Der dritte Durchgang war zunächst ausgeglichen. "Dann ist die Annahme völlig weg geknickt, es war ganz fürchterlich", so Tinnefeld. Oberaden holte den Durchgang. Auch der vierte Satz blieb zunächst offen, dann sorgten einige gute Blockaktionen dafür, das Phönix den Sack zumachen konnten. "Es war ein Arbeitssieg", meinte Tinnefeld.

VV Phönix Schwerte: Nina Abels, Nadine Frohn, Anika Klotz, Kathrin Koopmann, Kristin Köppen, Eva Pollmann, Jenny Golombek, Alexandra Wachowski, Saskia Spies.

SSV Meschede - SG Schwerte/Holzwickede 3:1 (25:20, 24:26, 25:13, 25:15)

"Zum Ende hin haben die uns richtig eingetütet", gesteht Trainer Peter Schramm nach dem Spiel gegen den SSV Meschede. Eigentlich hatte seine Mannschaft sich vorgenommen, besser als im Hinspiel abzuschneiden, doch auch diesmal hatte die Spielgemeinschaft das nachsehen.

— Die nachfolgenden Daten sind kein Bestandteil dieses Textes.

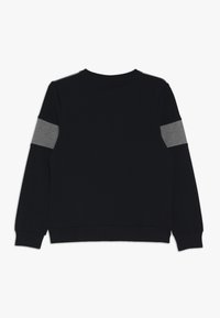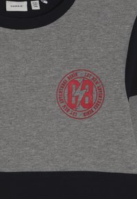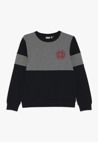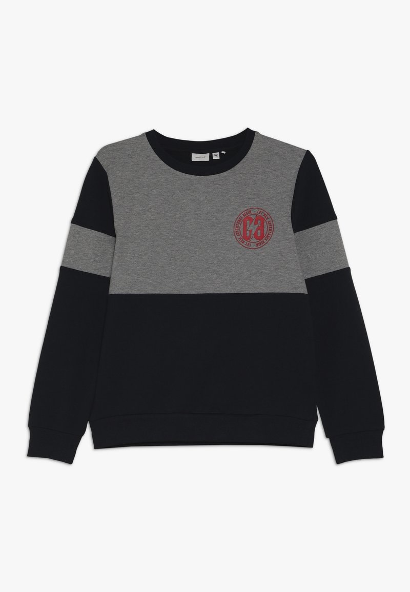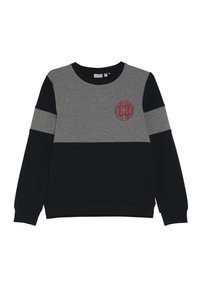 Sweatshirt coloré en blocs noir et gris avec un col rond, des poignets côtelés et un logo circulaire sur la poitrine. Texture de tissu douce.

Die Ursache dafür sah Schramm auch darin, dass er neben Bea Harazd und Anni Thüs kurzfristig auch auf "Kiki" Maar verzichten musste, die wegen Krankheit nicht mit nach Meschede reiste. Mit nur acht Spielerinnen hatte die SG bei den angriffsstarken Meschederinnen keinen Erfolg. "Meschede ist meiner Ansicht nach das Team, was sich im Saisonverlauf am Besten weiterentwickelt hat", so der Trainer.

Bereits im ersten Durchgang dominierte der SSV. Nur im zweiten Durchgang holten die SG gegen Ende auf und punkteten knapp. "Das war die einzig richtig gute Phase im Spiel", so Schramm. Die beiden letzten Sätze der Partie gingen sogar sehr deutlich an die Gastgeberinnen.

SG Schwerte/Holzwickede: Kirsten Distelhoff, Carina Hoffmann, Lena Sauerländer, Sarah Gehrt, Heidi Schumacher, Miriam Schulte, Franziska Böse-Ribeiro, Bettina Grünewald.